I'm having a problem in my living room tank. It has a sand substrate and dirt accumulates on it. I take a gravel vac to do a water change but half the dirt won't suck up, it just spins around inside vac tube  I end up with unsightly piles even after water changes. Sometimes I use a fish net to grab it burlt I end up with sand too.

How can I keep my sand tank clean?


----------



## chenowethpm (Jan 8, 2014)

How much lower is the end of your siphon hose? The lower the end of the hose the faster the flow. I run one of my hosed down a flight of stairs and out the front door, it flows super fast. Also the larger the hose diameter the more flow. When vacuuming the sand, if you hold the vac above and kind swirl it around the stuff on the sand will move making it easier to catch in your tube.


----------



## L.West (Apr 26, 2013)

I also run my out the front door in order to give it more of a drop off for better suction. Although, I never thought about the diameter of the hose - good point.


----------



## coralbandit (Jul 29, 2012)

You need a vac with larger hose like matt said.The vac tube doesn't need to much bigger, but the hose from it is what makes the diff.


----------



## sephnroth (Jul 30, 2013)

Oh... Its just a little shop bought thing. Has a large vac chamber but the hose just reaches from inside tank to bucket on floor next to it... None of this down the stairs business!


----------



## Botiadancer (Dec 30, 2013)

Good advice so far.

Also, if you don't want to increase the size of your entire hose or you don't have a way to increase the amount of drop from end to end, either buy another short gravel vacuum with a smaller ratio of vacuum to hose or adjust that short one. (By short one, I mean tank to bucket) Use the short one for gravel vacuuming and your long one for water changing.

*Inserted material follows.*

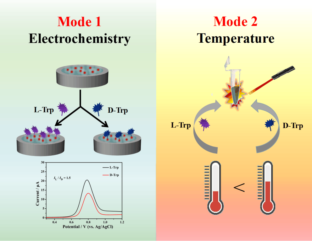 Highly Reliable Chiral Discrimination of Tryptophan Enantiomers through Two Different Modes: Electrochemistry and Temperature, Analytical Chemistry, 2023, DOI: 10.1021/acs.analchem.3c00669

Alternatively, you could just use a piece of hose with no gravel vacuum for those stubborn pieces of mulm that are attached to pieces of gravel. However...

***WARNING*** It will suck up gravel and small fish
Not a biggy, as they are going in a bucket where you can rescue them, but it is best to avoid that by:

1. Place your finger over the outlet end to control flow.
2. Pinch the hose to control flow.
3. Attach a shutoff valve to the hose to control flow.
4. Hold the hose just above the gravel to grab everything you want, but not the bulk of the gravel. When you dump the water, if there is any gravel in it, just empty the last dreggs of water into a net to save your gravel. Fine sand...um... try not to grab too much. Nets won't catch it.

You'll soon master exactly what technique works best on each tank.


----------